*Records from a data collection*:
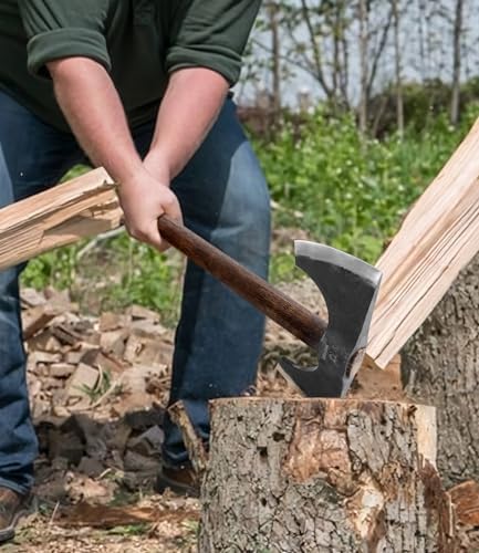 Splitting Axe, 23.6 Inch Double Bit Axe, Beech Handle with Leather Sheath, for Chopping, Splitting Wood or Axe Throwing
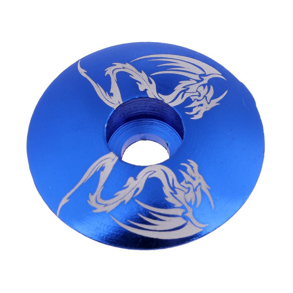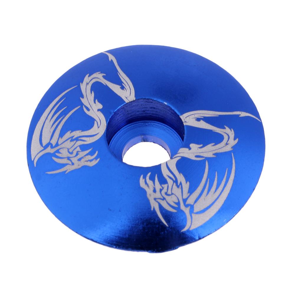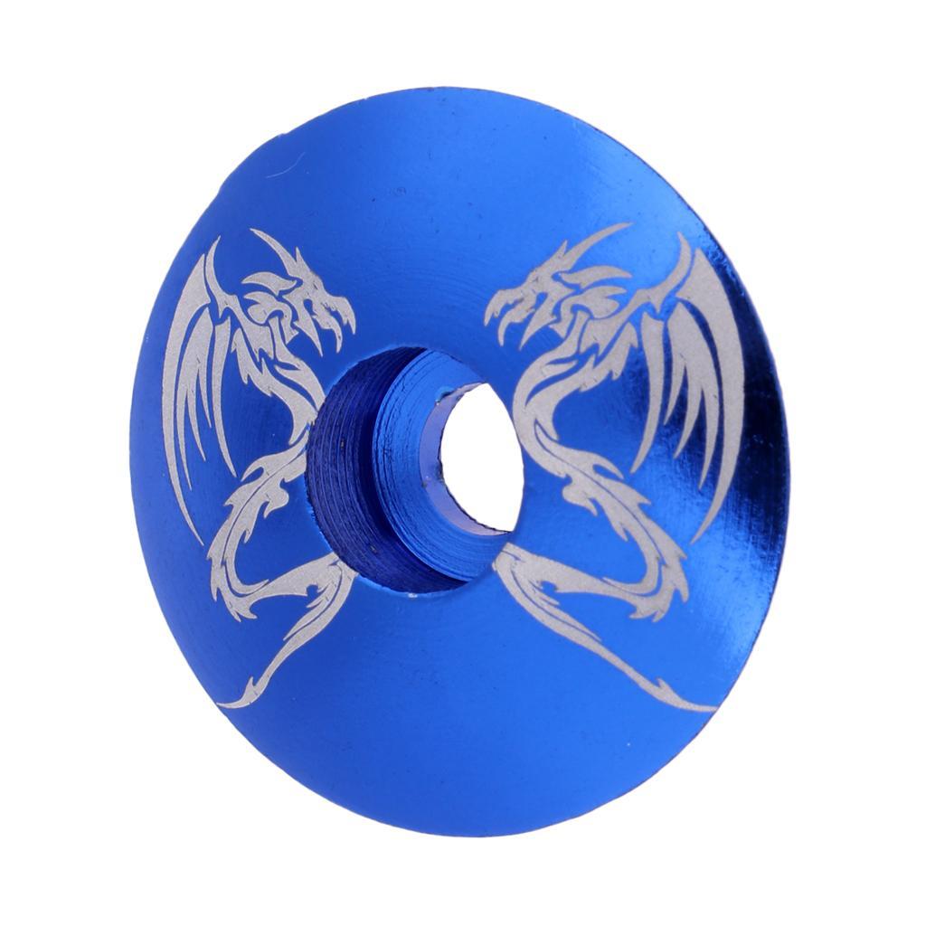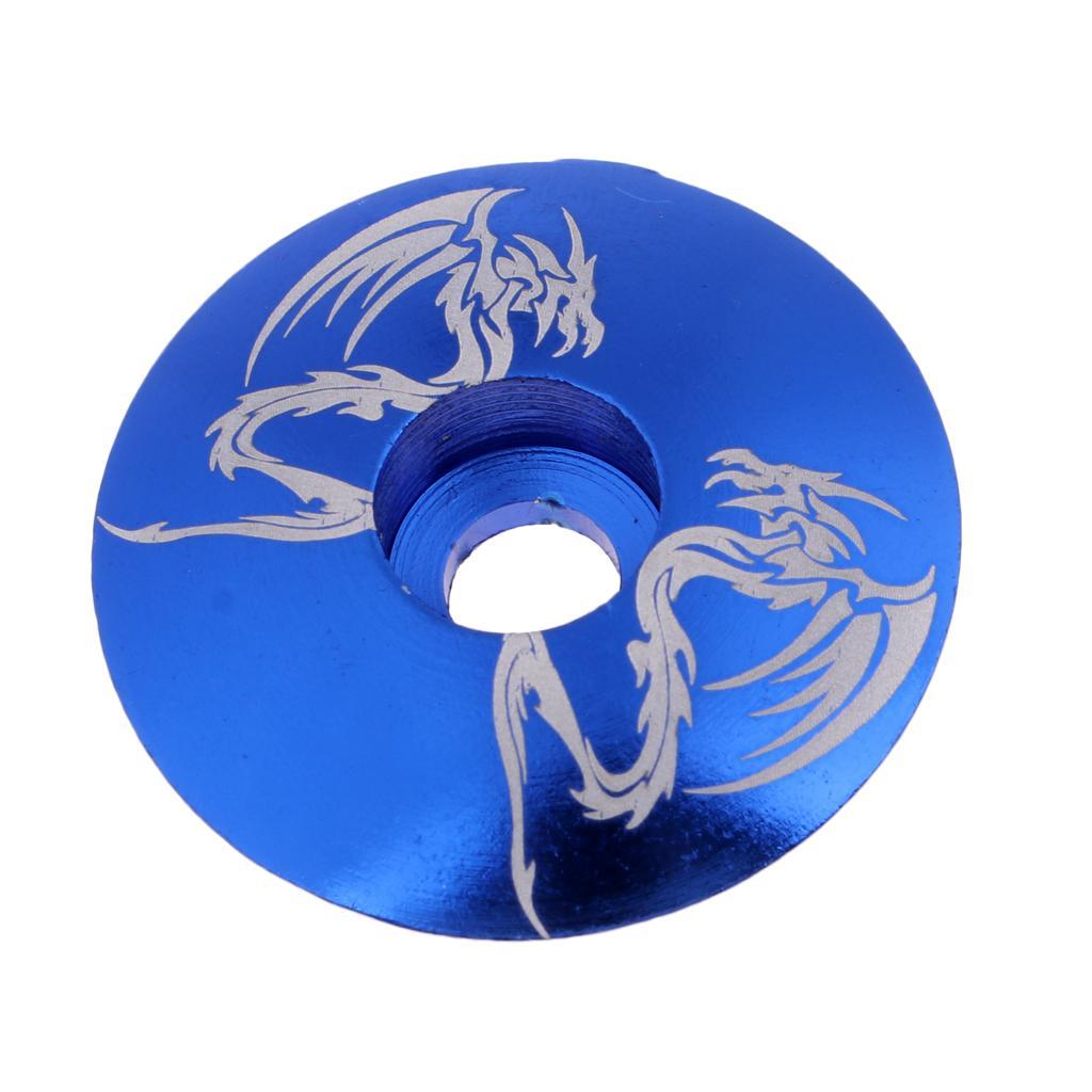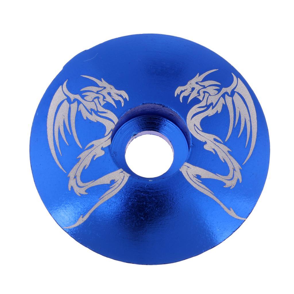 Aluminum Alloy Bicycle Threadless Stem Headset Top Cap Cover Blue Dragon
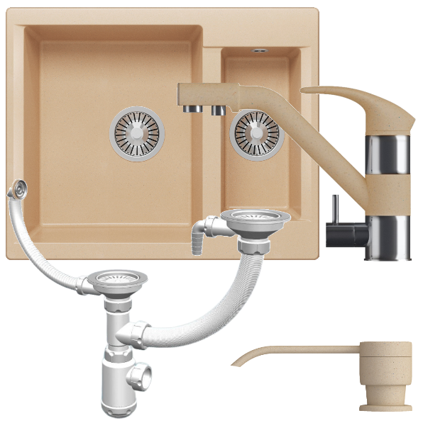 Мойка POLYGRAN BRIG-620 бежевый №27, смеситель ДУО бежевый
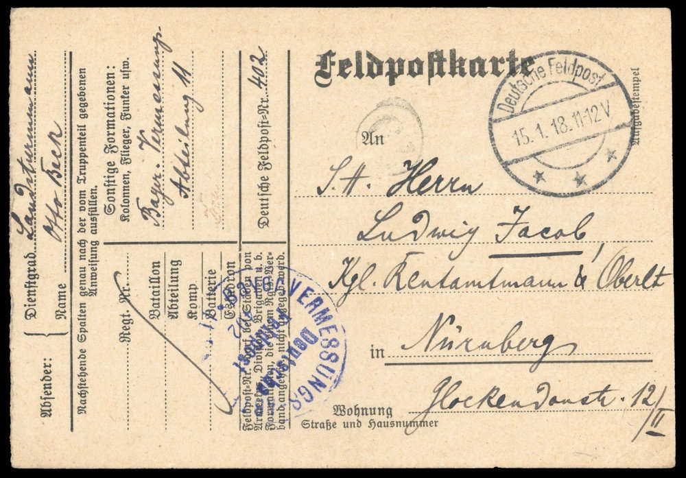 1918, vorgedruckte Feldpostkarte mit Stpl. "Deutsche Postpost 15.1.18" nach Nürnberg, blauer Briefstpl. "Bayer. VERMESSUNGS-ABTL. 402", leichte Spuren.
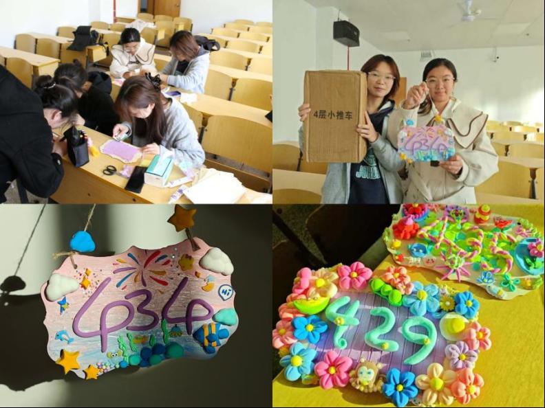 制作寝室门牌时,同学们热情讨论,积极动手,各组宿舍成员利用画笔、黏土等材料对宿舍门牌进行装饰和创作,分工有序、配合默契、气氛融洽。最终创作出的专属宿舍门牌,不仅凝聚了每个成员的心血,更为宿舍成员留下了一段美好而珍贵的回忆。最后,每个宿舍将制作好的门牌进行展示交流,同学们踊跃发言,积极介绍宿舍门牌特点并分享门牌的灵感来源及其中的美好寓意。

*BRIEF*: The line containing "Мойка POLYGRAN BRIG-620" and every line after it, through the end of the data, are to be output exactly. Omit the pictures.

*TASK RESULT*:
 Мойка POLYGRAN BRIG-620 бежевый №27, смеситель ДУО бежевый
 1918, vorgedruckte Feldpostkarte mit Stpl. "Deutsche Postpost 15.1.18" nach Nürnberg, blauer Briefstpl. "Bayer. VERMESSUNGS-ABTL. 402", leichte Spuren.
 制作寝室门牌时,同学们热情讨论,积极动手,各组宿舍成员利用画笔、黏土等材料对宿舍门牌进行装饰和创作,分工有序、配合默契、气氛融洽。最终创作出的专属宿舍门牌,不仅凝聚了每个成员的心血,更为宿舍成员留下了一段美好而珍贵的回忆。最后,每个宿舍将制作好的门牌进行展示交流,同学们踊跃发言,积极介绍宿舍门牌特点并分享门牌的灵感来源及其中的美好寓意。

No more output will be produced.